Roger Federer calls for names in match-fixing accusations
'The higher it goes, the more surprised I'd be,' says tennis star
Roger Federer has heard enough speculation about match-fixing in tennis. If players are suspected of corruption, he wants names.
Federer was responding to reports by BBC and BuzzFeed News published Monday that tennis authorities have suppressed evidence of match-fixing and overlooked suspected cases involving players ranked in the top 50, including Grand Slam singles and doubles winners.
The reports said that none of these players had faced sanctions and more than half would be playing at this year's Australian Open, which started Monday. The players weren't identified by name.
"I would love to hear names," Federer said after beating Nikoloz Basilashvili of Georgia 6-2, 6-1, 6-2. "Then at least it's concrete stuff and you can actually debate about it.
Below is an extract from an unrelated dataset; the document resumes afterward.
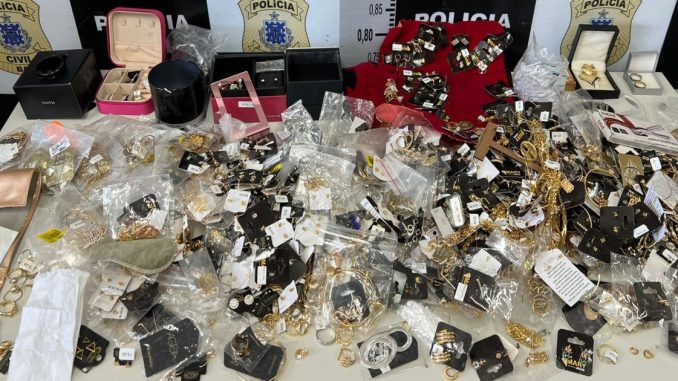 Seiscentos e dez pares de brincos, 52 pulseiras, 90 conjuntos de brincos e argolas, 80 alianças, 140 anéis, 65 cordões, três braceletes, dois pingentes, um relógio e 200 peças avariadas foram apreendidos com um homem. Ele levava as joias dentro de uma mochila, quando foi abordado pelos policiais nas imediações do Terminal Rodoviário de Feira de Santana.

Was it the player? Was it the support team? Who was it? Was it before? Was it a doubles player, a singles player? Which Slam?"
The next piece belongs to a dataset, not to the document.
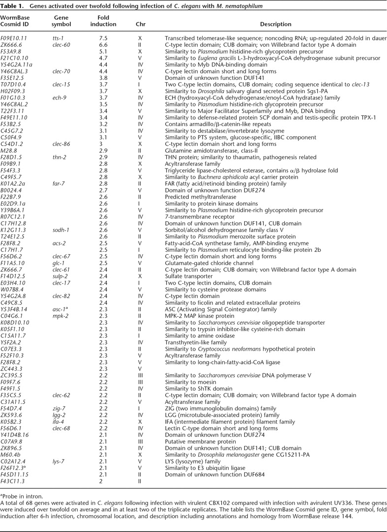 Genes activated over twofold following infection of C. elegans with M. nematophilum

"It's super serious and it's super important to maintain the integrity of our sport," Federer added. "So how high up does it go? The higher it goes, the more surprised I would be."
ATP chairman Chris Kermode appeared at a news conference to reject the assertion that match-fixing had gone unchecked in the sport, saying the Tennis Integrity Unit remained "constantly vigilant and not complacent" when it comes to tackling corruption.
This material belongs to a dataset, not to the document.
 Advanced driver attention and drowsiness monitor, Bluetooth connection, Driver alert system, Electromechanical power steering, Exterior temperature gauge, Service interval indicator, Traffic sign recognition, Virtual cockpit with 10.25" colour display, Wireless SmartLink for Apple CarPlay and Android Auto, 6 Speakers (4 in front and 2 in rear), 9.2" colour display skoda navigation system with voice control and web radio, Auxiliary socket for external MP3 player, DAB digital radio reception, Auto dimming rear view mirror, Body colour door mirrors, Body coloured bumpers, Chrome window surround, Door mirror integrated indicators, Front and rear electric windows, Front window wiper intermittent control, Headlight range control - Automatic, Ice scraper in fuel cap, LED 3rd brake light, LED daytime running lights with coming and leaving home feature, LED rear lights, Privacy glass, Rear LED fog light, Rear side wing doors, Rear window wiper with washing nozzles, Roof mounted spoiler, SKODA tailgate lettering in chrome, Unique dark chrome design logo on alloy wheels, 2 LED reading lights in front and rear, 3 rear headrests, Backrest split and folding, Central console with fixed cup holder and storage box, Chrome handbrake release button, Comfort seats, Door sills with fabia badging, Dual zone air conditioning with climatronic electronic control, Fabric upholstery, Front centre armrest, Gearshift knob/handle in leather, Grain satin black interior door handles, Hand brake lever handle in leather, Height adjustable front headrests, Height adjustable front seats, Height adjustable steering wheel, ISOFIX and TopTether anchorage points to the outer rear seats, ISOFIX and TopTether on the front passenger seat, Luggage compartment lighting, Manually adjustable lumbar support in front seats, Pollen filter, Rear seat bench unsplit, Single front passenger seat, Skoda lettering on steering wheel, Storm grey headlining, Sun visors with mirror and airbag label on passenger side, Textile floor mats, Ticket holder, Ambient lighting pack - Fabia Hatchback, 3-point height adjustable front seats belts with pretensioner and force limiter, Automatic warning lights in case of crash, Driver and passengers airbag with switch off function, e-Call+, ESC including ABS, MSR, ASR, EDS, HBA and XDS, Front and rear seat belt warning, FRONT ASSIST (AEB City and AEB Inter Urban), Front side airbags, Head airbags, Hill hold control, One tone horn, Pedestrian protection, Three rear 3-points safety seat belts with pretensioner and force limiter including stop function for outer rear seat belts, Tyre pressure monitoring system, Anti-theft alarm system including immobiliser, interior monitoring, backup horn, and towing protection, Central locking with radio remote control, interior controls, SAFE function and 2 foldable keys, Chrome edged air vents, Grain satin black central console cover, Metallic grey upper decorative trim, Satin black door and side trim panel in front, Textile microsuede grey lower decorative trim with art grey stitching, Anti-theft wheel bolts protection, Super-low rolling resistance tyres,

"The Tennis Integrity Unit and tennis authorities absolutely reject any suggestion that evidence of match-fixing has been suppressed for any reason or isn't being thoroughly investigated," he said.
Bookmakers warned ATP: report
The BBC and BuzzFeed allegations were based on files they reported had been leaked "from inside the sport" showing evidence of suspected match-fixing orchestrated by gambling syndicates in Russia and Italy that had been uncovered during an ATP investigation of a 2007 match in Sopot, Poland, involving suspiciously high levels of betting.
According to the reports, the ATP investigation widened to uncover a network of other players suspected of match-fixing, but officials didn't follow up on the cases. Since then, the reports said, the ATP has repeatedly been warned by bookmakers, foreign police and other investigators about many of the same players, but hasn't taken any action against them.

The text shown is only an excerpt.